Я отменил материнские похороны

We use cookies. Read the Privacy and Cookie Policy

Я отменил материнские похороны

Одиннадцатого апреля 1983 года день шелестел неторопливо. Антонине Сергеевне нездоровилось. Ныло сердце.

По телевизору шел вечер дагестанского поэта Расула Гамзатова. Расул читал свои простые и знакомые всем строки о материнской любви: «Тревожится за сына постоянно, / святой любви великая раба…»

Почему-то всплыли в памяти строки сына: «Всю ночь ныло сердце, а утром — шарах! — / снег выпал в горах. / Он выпал свободой от быта обычного, / напяленный туго с библейских высот, / как будто бы Савская, в брюках в облипочку, / паря над долиной, легла на живот. / Изыди, царица, с тоской недозволенной. / Не фотографируй кирпичный завод. / Но воздух шел кверху магнитными волнами, / завгар Никодимов подал на развод…» Какой такой завгар?
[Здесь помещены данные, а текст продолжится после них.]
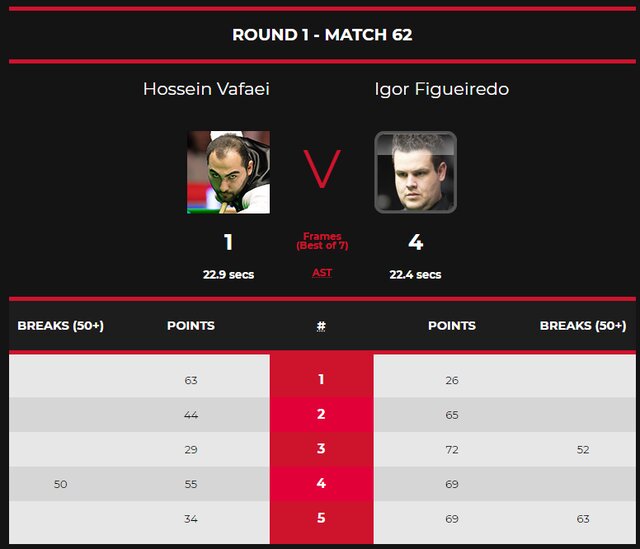 به گزارش ایسنا، رقابتهای اسنوکر آزاد ولز در بخش حرفهایها، بیست و یکم تا بیست و هفتم بهمنماه در حال پیگیری است که دو نماینده ایران در این مسابقات شرکت کرده اند. حسین وفایی نفر سی و نهم رنکینگ اسنوکر حرفهایها روز گذشته (سهشنبه) به مصاف ایگور فیگواردو نفر 110 رنکینگ از کشور برزیل رفت و با نتیجه چهار بر یک تن به شکستی عجیب داد.

Но сколько в этом стихотворении тоски о чем-то…

Девять лет прошло, как не стало Андрея Николаевича. Младший Андрюшка, Андрей Андреич, опять куда-то улетел. Дочка Наташа сказала — в Париж. Вот, кажется, только вчера баюкала его, качала на руках — как время пролетело. «Побыть на щеке твоей душной Андрюшкой…»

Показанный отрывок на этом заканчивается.